It was started by Marconi in 1897. It took him about three years to get transcontinental communication. I mean we think we're so great now-- being able to have research move as quickly as it does-- but if you think of the amount of time it takes to create a new wireless system, it's a whole lot larger now than it was then. I mean he moved very fast. I mean the technology was very primitive and very simple. It was not a billion dollar business. But in fact it was very, very rapid. But what's happened since, with wireless, has been very fitful.
Businesses have started. Businesses have stopped. People have tried to do one thing. People have tried to do another thing.

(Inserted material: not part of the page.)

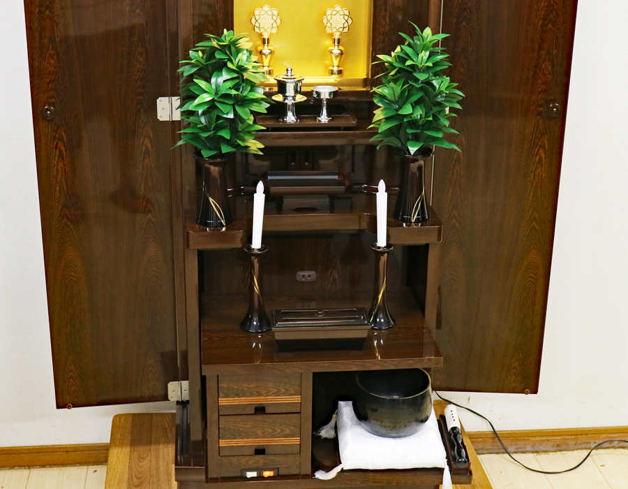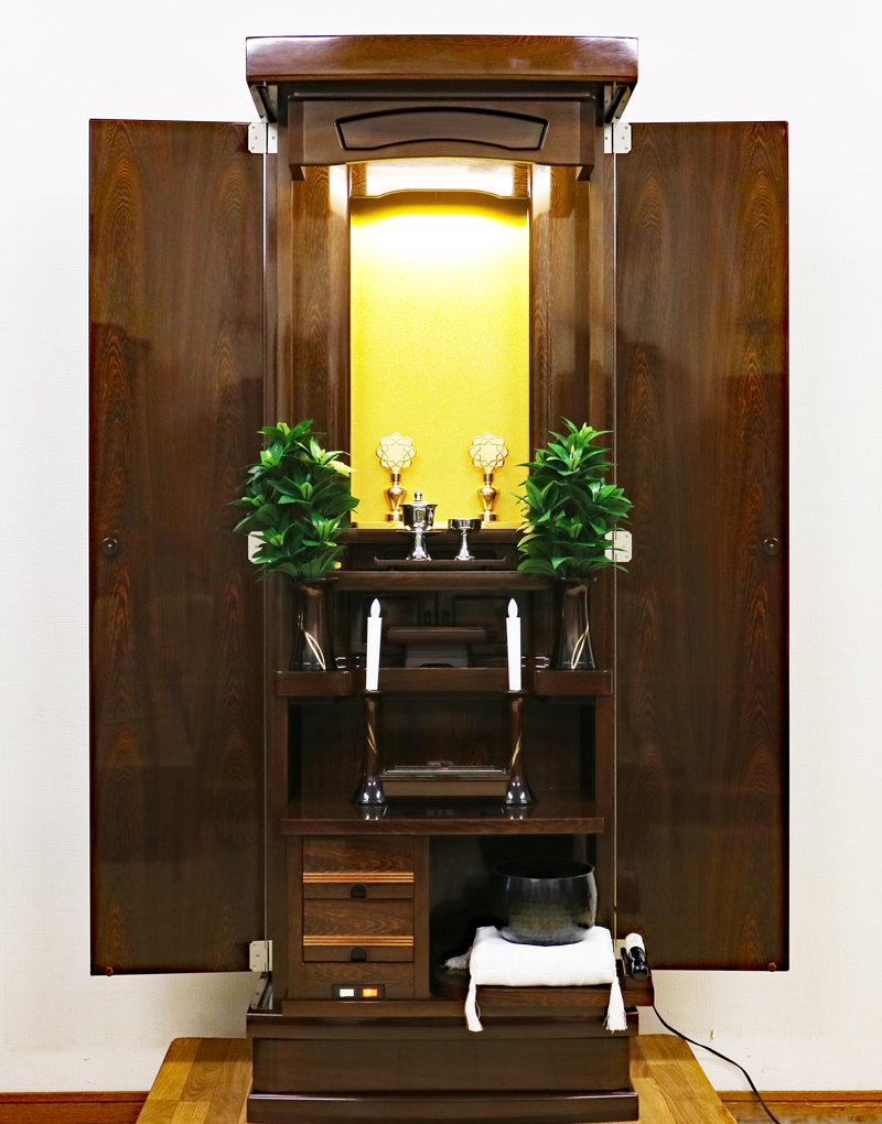 内部には蛍光灯照明も付属していますのでご本尊様を明るく照らしてくれます。

They name things by something different all the time. I mean one sort of amusing thing is back in the early seventies the army was trying very hard to get wireless communication in the field. And they called this packet radio. And they had all the universities in the country spending enormous amounts of time developing packet radio. Writing many papers about it. They finally got disgusted because nothing was happening. So they pulled all the funding for that.
And about five years later, when the people at DARPA and NSF and all of that forgot about this unpleasant experience, people started talking about ad hoc networks. Guess what an ad hoc network is? Same thing as packet radio. Just a new name for an old system, and suddenly the money started flowing in again. We don't know whether it'll be any better this time than it was last time. But anyway that's the way funding goes.

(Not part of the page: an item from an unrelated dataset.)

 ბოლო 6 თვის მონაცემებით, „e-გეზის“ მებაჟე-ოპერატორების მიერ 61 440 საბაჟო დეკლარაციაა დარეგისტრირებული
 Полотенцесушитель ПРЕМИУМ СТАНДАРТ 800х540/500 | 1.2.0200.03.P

OK, what we're going to talk about in this class is sort of an old fashioned thing. It's not as sexy as what all these other systems are. It's just cellular networks. It's probably because that's well understood by now, and it's because we can talk about all of these fundamental problems that occur in mobile communication just in the context of this one kind of system that, by now, is reasonably well understood. When you're doing cellular communication, you wind up with a large bunch of mobiles all communicating with one base station. OK, in other words you don't have the kind of thing you had in the packet radio network or in the ad hoc network, where you have a huge number of mobile telephones which are all communicating to each other. And where one phone has to relay things for others. You wind up with a very complicated network problem.

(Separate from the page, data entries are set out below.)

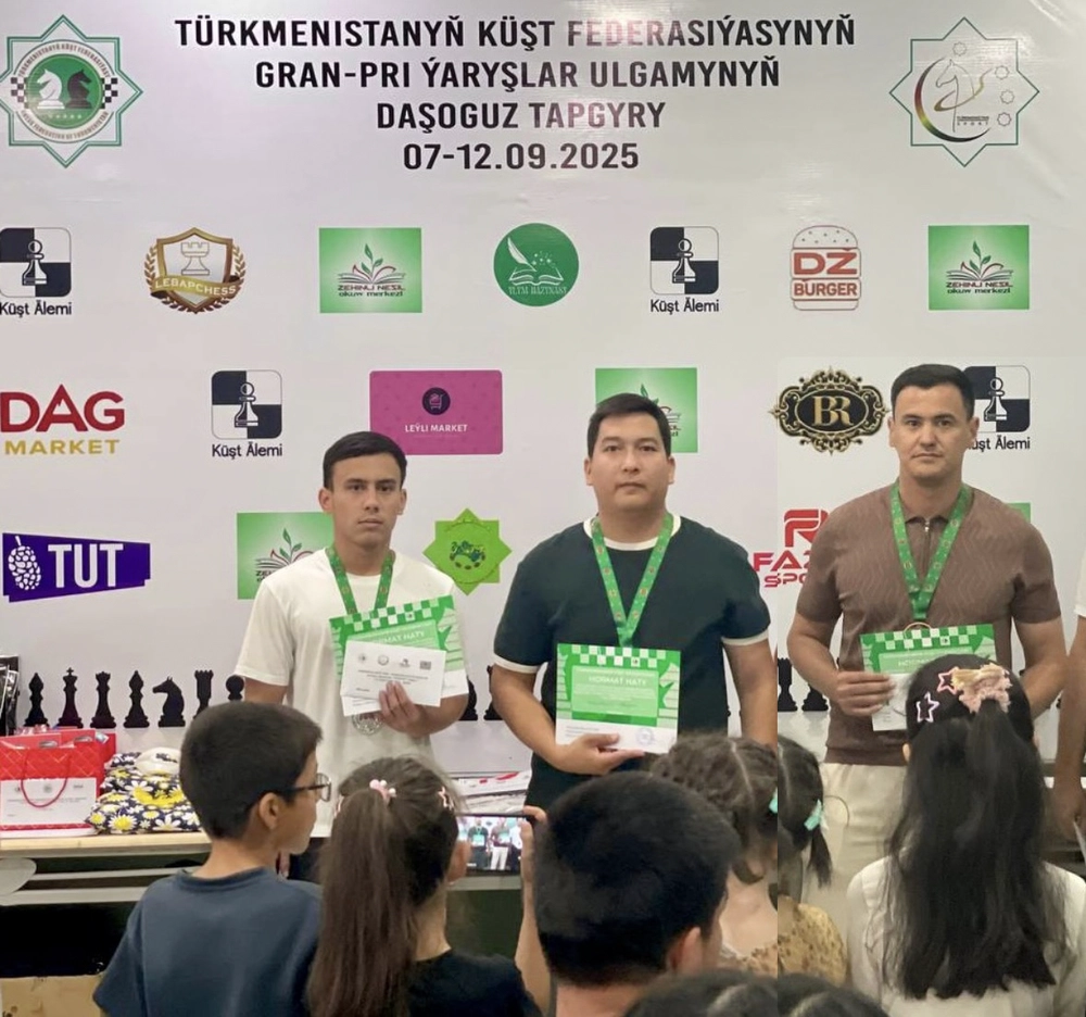 • Золотую медаль завоевал Мерген Какабаев — генеральный секретарь Федерации шахмат Туркменистана, набравший 8 очков из 9. Его опыт и стратегическая глубина вновь доказали, что он по праву остаётся одним из лидеров туркменских шахмат.
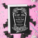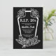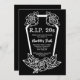 Convite de aniversário dos anos 20 para comemorar o aniversário de 30 anos de uma mulher. Design preto com letras brancas, um caixão, rosas e as palavras "morte da juventude". Personalize-o com os detalhes do seu partido e as informações de RSVP.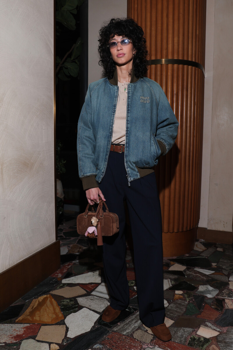 PARIS, FRANCE – OCTOBER 06: Sateen Besson attends the Miu Miu Dinner Party at Gigi as part of the Paris Fashion Week Womenswear S/S 2026 on October 06, 2025 in Paris, France. (Photo by Jacopo M. Raule/Getty Images for Miu Miu)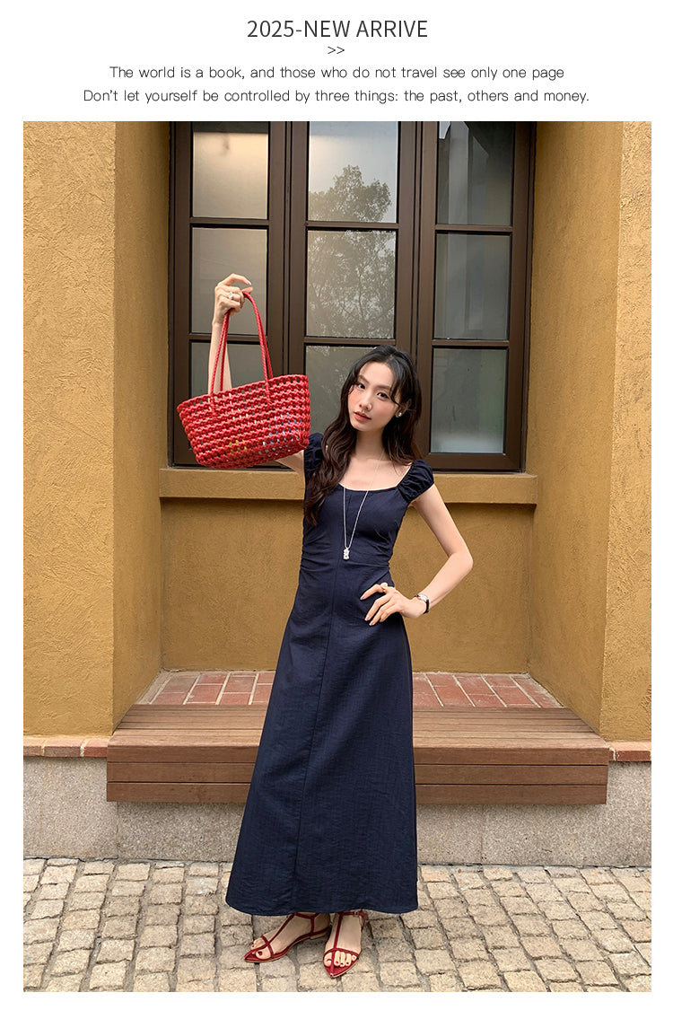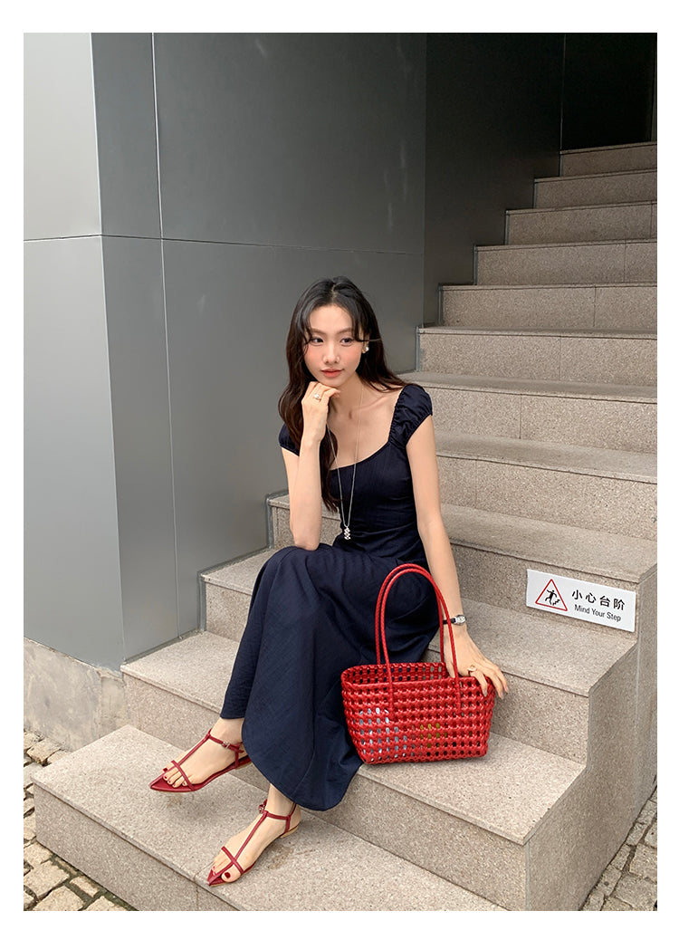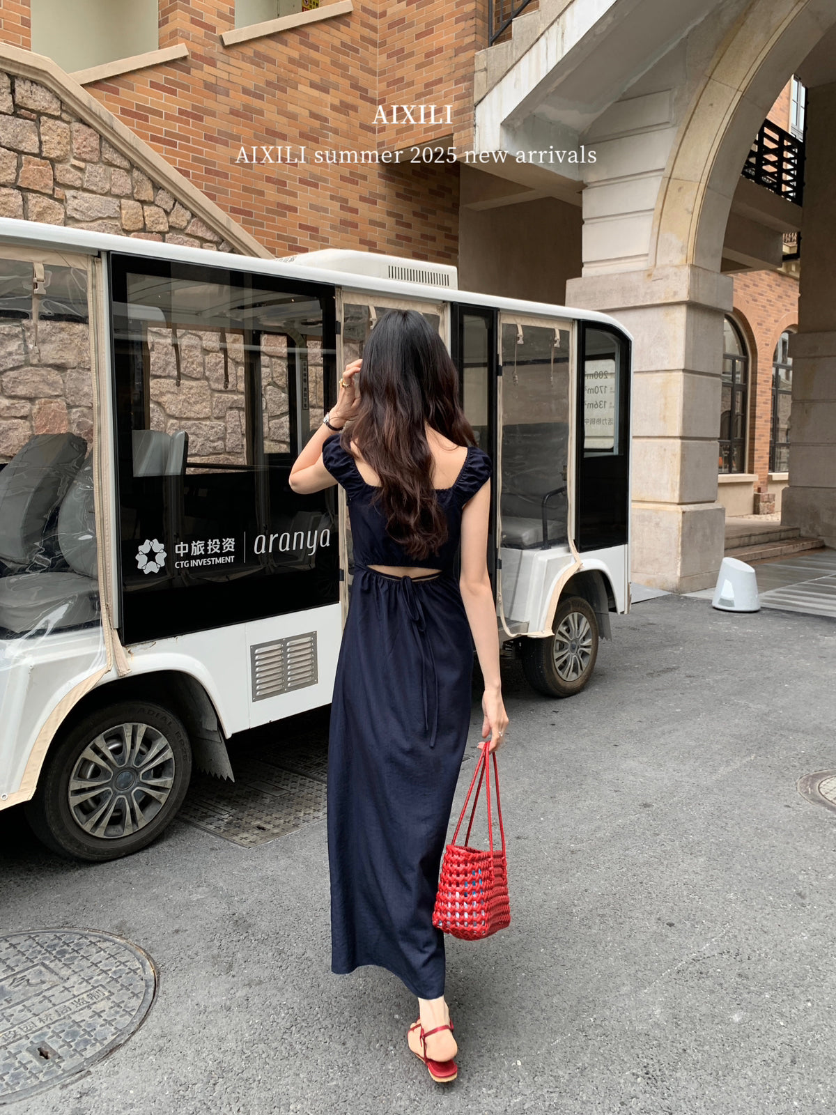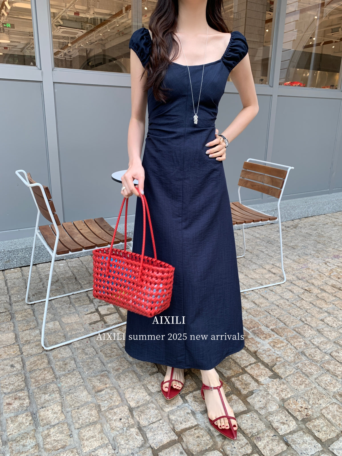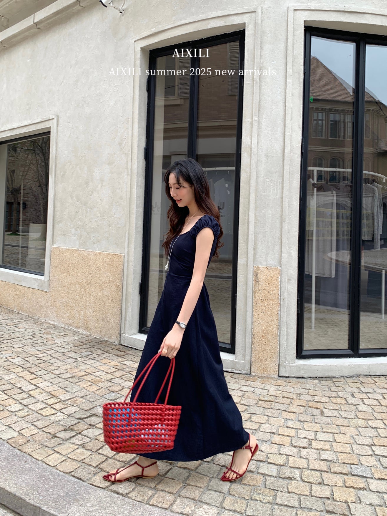AIXILI 2025年夏の新着アイテム、スクエアネックワンピースです。洗練されたデザインと落ち着いたカラーで、大人可愛いフェミニンスタイルを演出します。カジュアルなシーンにも最適で、快適な着心地を提供します。レッドのバッグとサンダルでファッションセンスを高めます。

Here, it's in a sense, a much simpler and more sane structure. Because you're using mobile for doing the things that mobile does well. And you're using wires for the things that wires do very well. Mainly you have lots of mobiles which are moving all over the place. You have these fixed base stations which are big and expensive, and put up on hills or on buildings or on big poles or something. And you spend a lot of money on them. You have optical fibers or cables or what have you running between them or running from them to what's called a MTSO. Mobile Something Subscriber Office-- and I can never remember what those letters stand for-- Mobile Telephone Subscriber Office. All I had to do to remember that was thank this was done by telephone engineers. No, Mobile Telephone Switching Office and telephone engineers think in terms of switching and in terms of telephones. And mobile and offices just follows along.
So the way these systems work is you go from a mobile to a base station. From the base station to one of these MTSOs, which is just a big switching center. From there you're in the wired network. And from there you can either go back to a mobile or go back to a wire line telephone or go anywhere you want to. But but the point in that, and I think this is important to remember, is that cellular networks are an appendage of the wire line network. And you always have this wire line network in the middle. You probably always will. Because wire line networks have things like fiber which carries enormous amounts of data very, very cheaply. And mobile is very limited as far as capacity goes. And it's very noisy.
OK, so that lets us avoid the question of how do you do relaying. When you see pictures of this, people draw pictures of hexagon cells.
AUDIENCE: [UNINTELLIGIBLE] turn around.
PROFESSOR: Oh, when I hit this, and it uh, OK. I mean there's not much information on this picture anyway but, [LAUGHTER] OK, but people think in terms of base stations put down uniformly with nice hexagons around them. And any time a mobile within one hexagon it communicates with the base station which is at the center of that hexagon. And in reality what happens is that the base stations are spread all over the place in a very haphazard way. I shouldn't say haphazard, because people worked very hard to find places to put these base stations. Because you need to rent real estate, or buy real estate to put them in. You have to find out somehow what kind of coverage they have. And it's a very fascinating and very difficult problem.
One thing I'm going to try to convince you of in the next lecture or so is that the problems of choosing base stations are very heavily electromagnetic in nature. You really have to understand electromagnetism very well. And and you have to understand the modeling of these physical communication links very, very well in order to try to sort out where base stations should go and where they shouldn't go. The other part of the problem is the part of the problem dealing with how do you design the mobile phone itself? How do you design the base station itself? And these are questions which don't depend so much on the exact modeling of the electromagnetic channel. They only depend on very coarse characteristics of it.
And very often, when you start to study mobile, you will spend an inordinate amount of time studying all of the details of these electromagnetic channels. Which in fact are very important as far as choosing base stations are concerned. And have relatively little to do with the questions of how do you design mobiles. How do you design base stations? It has enough to do with it that you have to know something about it, but it's not central anymore.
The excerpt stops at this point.